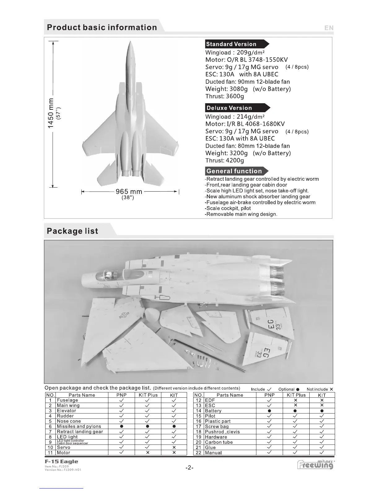 Freewing F-15 Eagle FJ309 - Product Overview; F-15 Eagle Product Specifications; F-15 Eagle Package Contents List
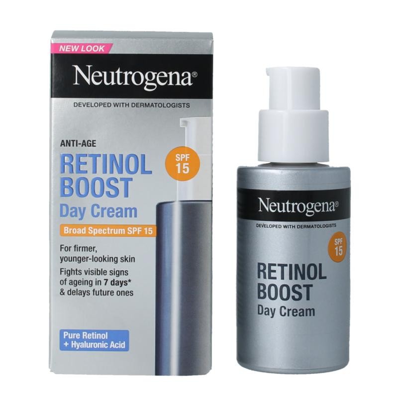 Ontdek Neutrogena® Retinol Boost Dagcrème SPF 15, een lichte en krachtige dagcrème ontwikkeld met dermatologen om zichtbare tekenen van huidveroudering al vanaf 7 dagen* doeltreffend aan te pakken. Dankzij de formule verrijkt met pure retinol, hyaluronzuur en mirtenbladextract werkt deze verzorging op rimpels, stevigheid, elasticiteit, pigmentvlekken en huidtextuur. Verrijkt met SPF15, breed spectrum UVA/UVB, beschermt deze crème je huid ook tegen zonneschade - een van de belangrijkste oorzaken van huidveroudering. Breng een SPF50 aan voor je de deur uitgaat om optimaal beschermd te zijn tegen de zon. Wetenschappelijk getest: deze verzorging toont al na 1 week een zichtbare verbetering van de huidtextuur en na 8 weken een significante vermindering van rimpels en pigmentvlekken. De lichte textuur is ideaal onder make-up en geschikt voor dagelijks gebruik. *Klinische studie bij 38 vrijwilligers, resultaten bij dagelijks gebruik.
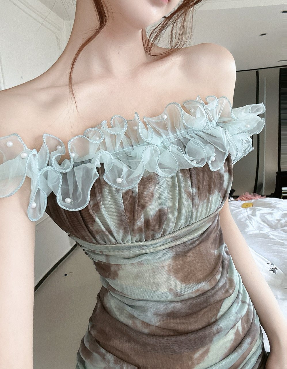 • Sexy off the shoulder floral print bodycon dress for women summer style textured pleated dress
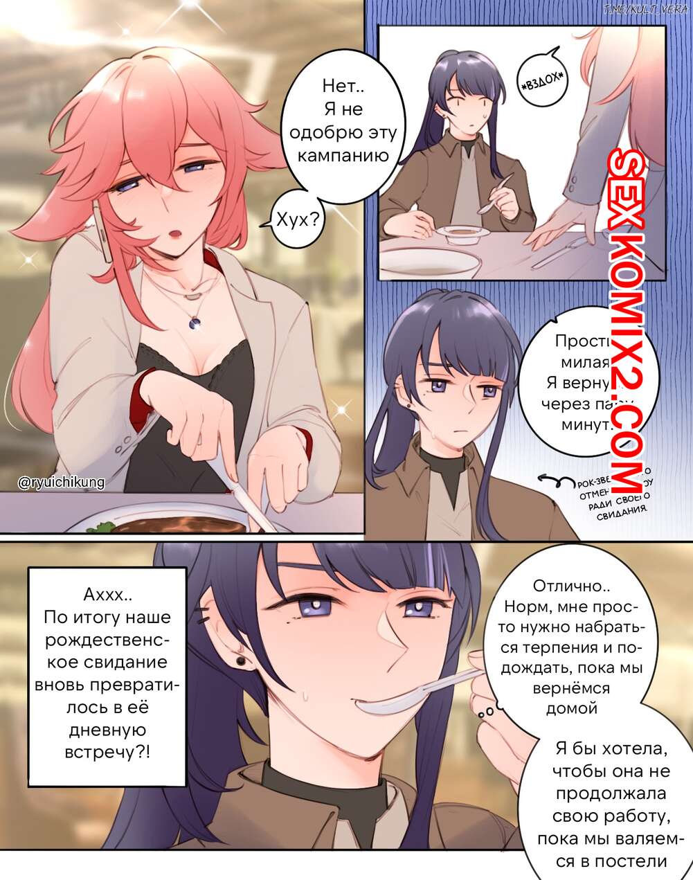 Порно комикс Genshin Impact. Счастливого Рождества. Merry Christmas. Ryuichikung Две подруги праздновали вместе рождество и решили повеселиться. Рыжая девушка разделась и возбудила подругу, после чего дала ей выебать свою пизденку.
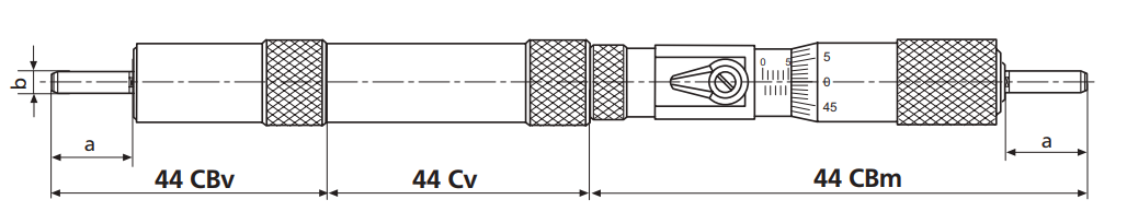 MICROMAR 44 CB 內(nèi)徑千分尺,有較小的測量面用于測量大直徑上的槽,主體結(jié)構(gòu)包含:內(nèi)徑干分尺44 C8m以及尾套管C8v,小測量面用于測量溝槽??筛鼡Q的延長桿44 Cv帶有圓柱形導向筒,保護套筒內(nèi)帶安裝彈簧,用于擴展測量范圍(見附件)
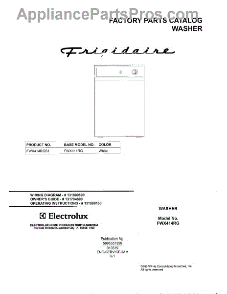 Parts for Frigidaire FWX414RGS1: 01 - Cover Parts
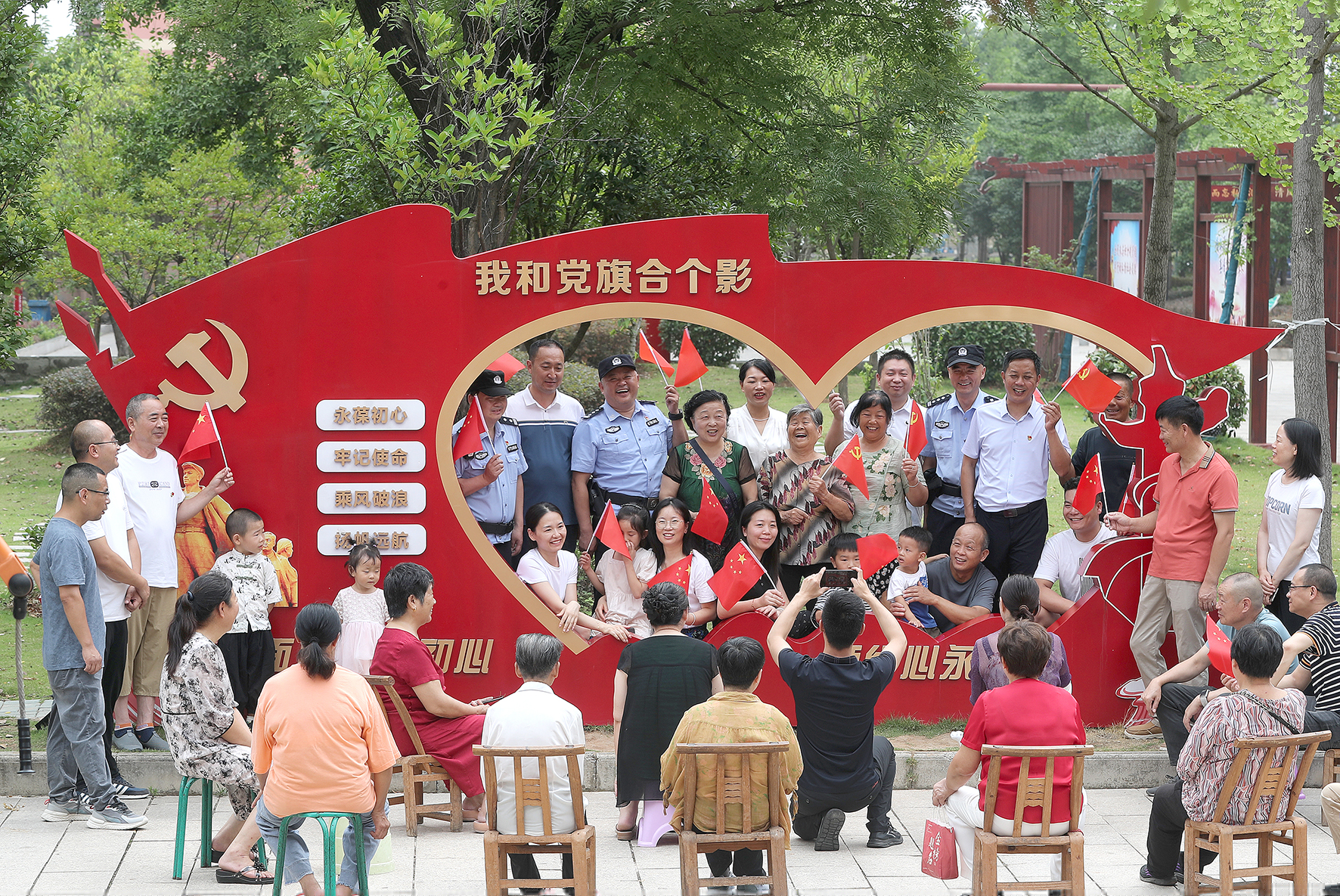 7月1日,湖北省荊門市公安局東寶分局荊泉派出所民警與新橋村老黨員、入黨積極分子及小區(qū)居民,以“我和黨旗合個影”送祝福的方式慶祝中國共產黨成立103周年。
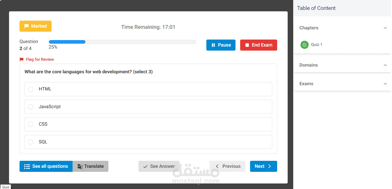 ✅ نظام امتحانات متقدم (اختيار متعدد، سحب وإفلات، نعم/لا، وغيرها).
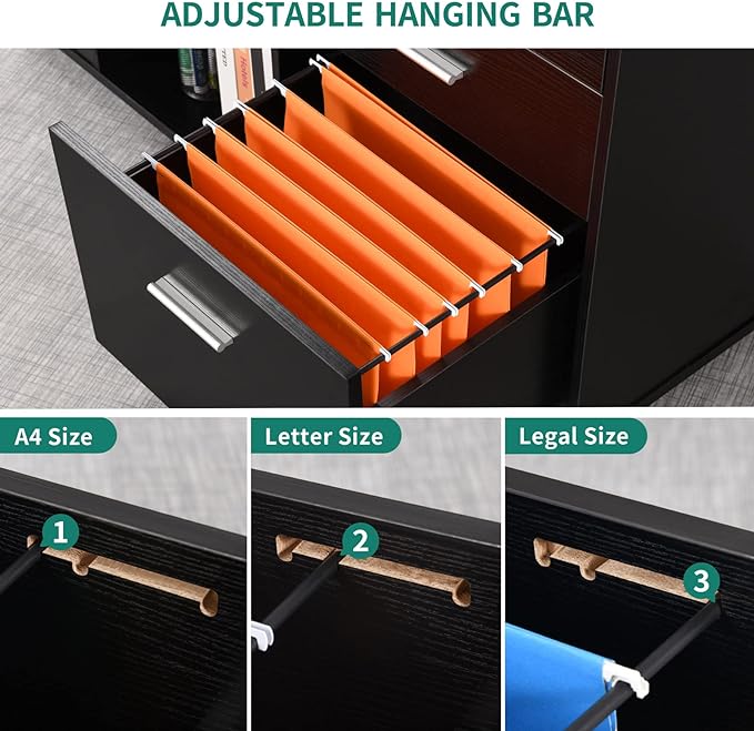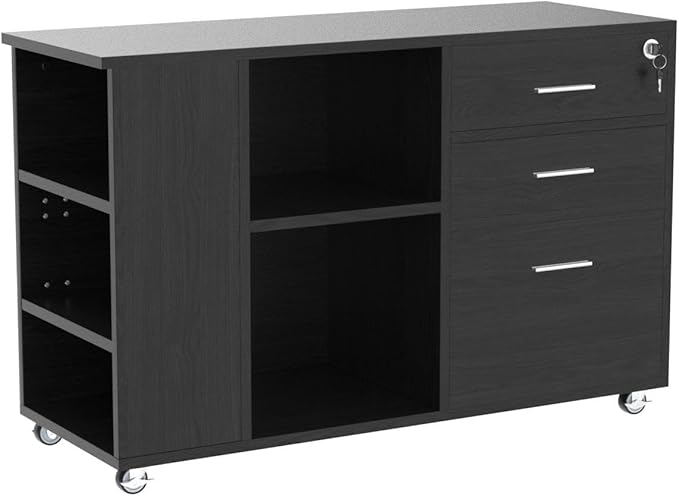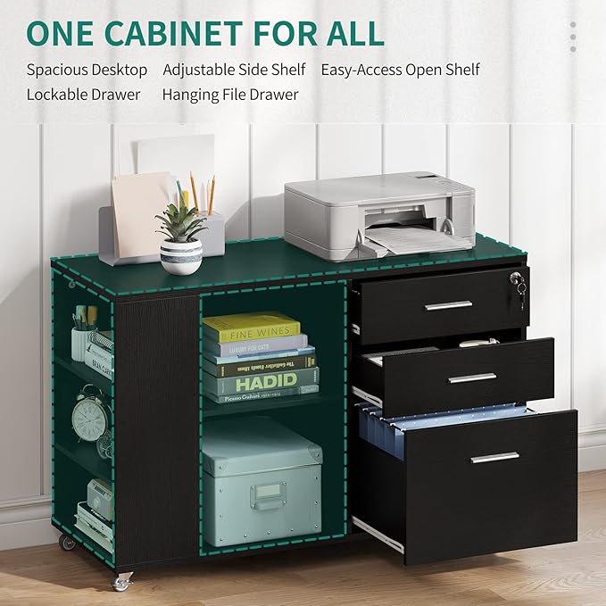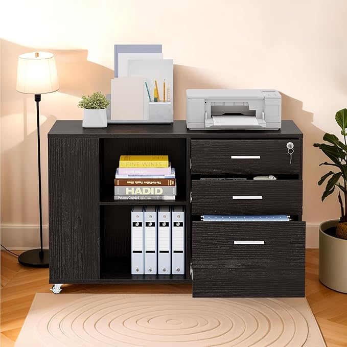 YITAHOME File Cabinet, Mobile Lateral Filing Cabinet with Lock for Home Office, Printer Stand with Open Storage Shelf, Fits A4, Letter, Legal Size Files, Office Furniture, Black
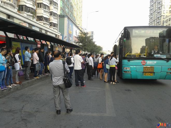 下面是潛龍花園公交站臺拍攝的:一次上不完;公交車上不了;等下班
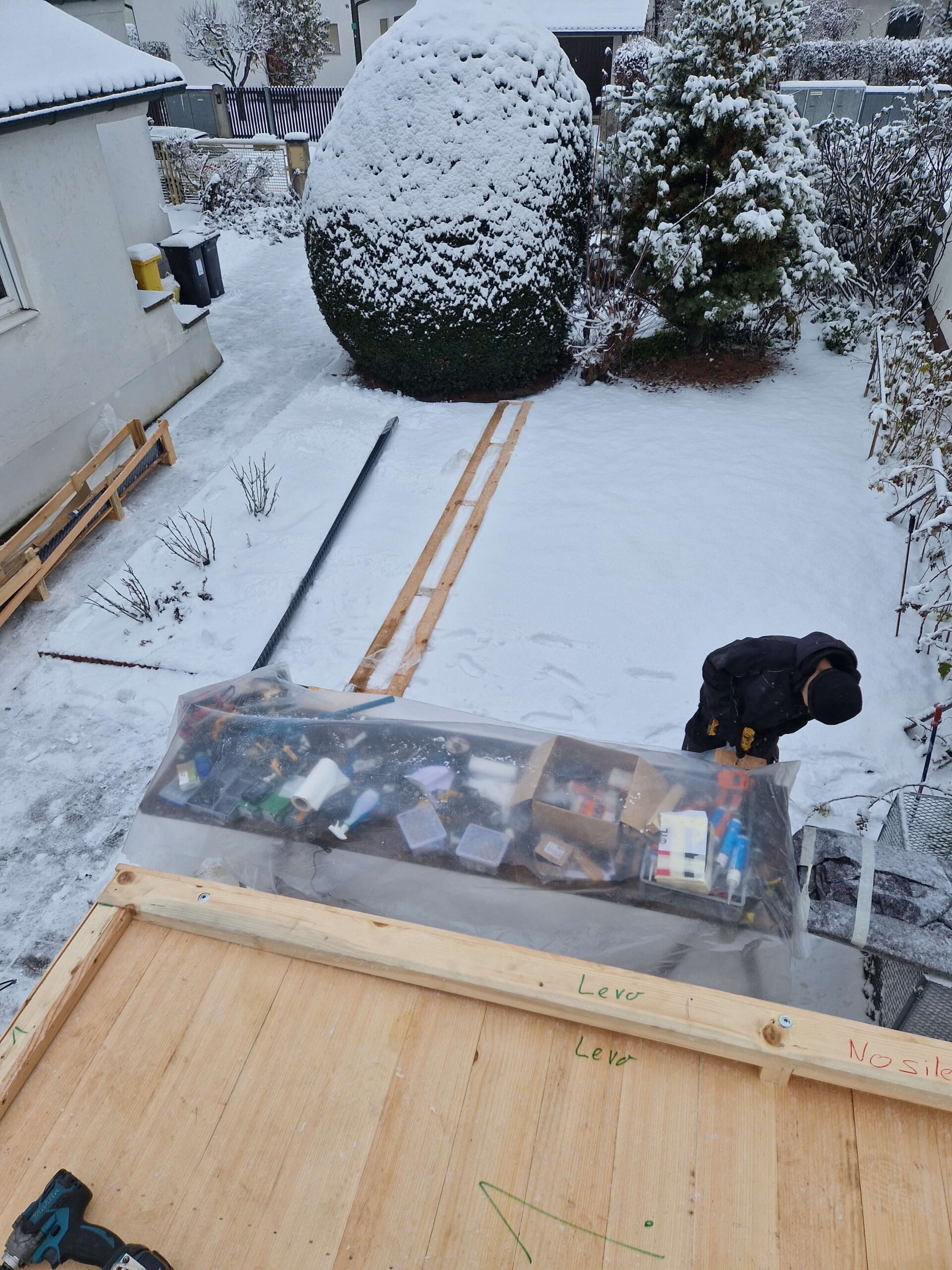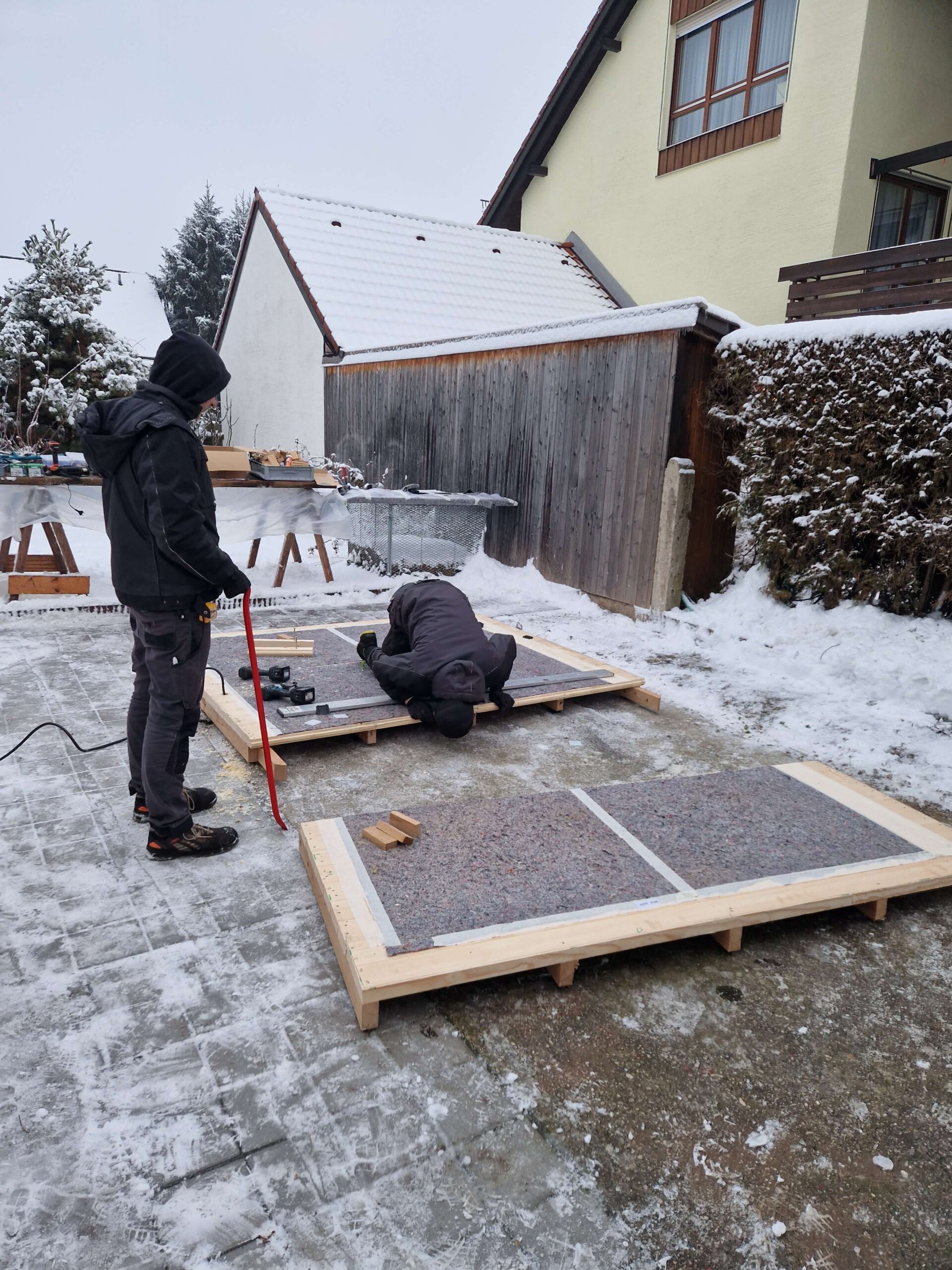 Hiša se v celoti konča pri nas v delavnici in jo pripeljemo z dvigalom ter samo razložimo na prej pripravljeno betonsko ploščo.

Exercise instructions:
From the first line above to the last, reproduce the records exactly but without the pictures.

Answer to the problem:
 Freewing F-15 Eagle FJ309 - Product Overview; F-15 Eagle Product Specifications; F-15 Eagle Package Contents List
 Ontdek Neutrogena® Retinol Boost Dagcrème SPF 15, een lichte en krachtige dagcrème ontwikkeld met dermatologen om zichtbare tekenen van huidveroudering al vanaf 7 dagen* doeltreffend aan te pakken. Dankzij de formule verrijkt met pure retinol, hyaluronzuur en mirtenbladextract werkt deze verzorging op rimpels, stevigheid, elasticiteit, pigmentvlekken en huidtextuur. Verrijkt met SPF15, breed spectrum UVA/UVB, beschermt deze crème je huid ook tegen zonneschade - een van de belangrijkste oorzaken van huidveroudering. Breng een SPF50 aan voor je de deur uitgaat om optimaal beschermd te zijn tegen de zon. Wetenschappelijk getest: deze verzorging toont al na 1 week een zichtbare verbetering van de huidtextuur en na 8 weken een significante vermindering van rimpels en pigmentvlekken. De lichte textuur is ideaal onder make-up en geschikt voor dagelijks gebruik. *Klinische studie bij 38 vrijwilligers, resultaten bij dagelijks gebruik.
 • Sexy off the shoulder floral print bodycon dress for women summer style textured pleated dress
 Порно комикс Genshin Impact. Счастливого Рождества. Merry Christmas. Ryuichikung Две подруги праздновали вместе рождество и решили повеселиться. Рыжая девушка разделась и возбудила подругу, после чего дала ей выебать свою пизденку.
 MICROMAR 44 CB 內(nèi)徑千分尺,有較小的測量面用于測量大直徑上的槽,主體結(jié)構(gòu)包含:內(nèi)徑干分尺44 C8m以及尾套管C8v,小測量面用于測量溝槽??筛鼡Q的延長桿44 Cv帶有圓柱形導向筒,保護套筒內(nèi)帶安裝彈簧,用于擴展測量范圍(見附件)
 Parts for Frigidaire FWX414RGS1: 01 - Cover Parts
 7月1日,湖北省荊門市公安局東寶分局荊泉派出所民警與新橋村老黨員、入黨積極分子及小區(qū)居民,以“我和黨旗合個影”送祝福的方式慶祝中國共產黨成立103周年。
 ✅ نظام امتحانات متقدم (اختيار متعدد، سحب وإفلات، نعم/لا، وغيرها).
 YITAHOME File Cabinet, Mobile Lateral Filing Cabinet with Lock for Home Office, Printer Stand with Open Storage Shelf, Fits A4, Letter, Legal Size Files, Office Furniture, Black
 下面是潛龍花園公交站臺拍攝的:一次上不完;公交車上不了;等下班
 Hiša se v celoti konča pri nas v delavnici in jo pripeljemo z dvigalom ter samo razložimo na prej pripravljeno betonsko ploščo.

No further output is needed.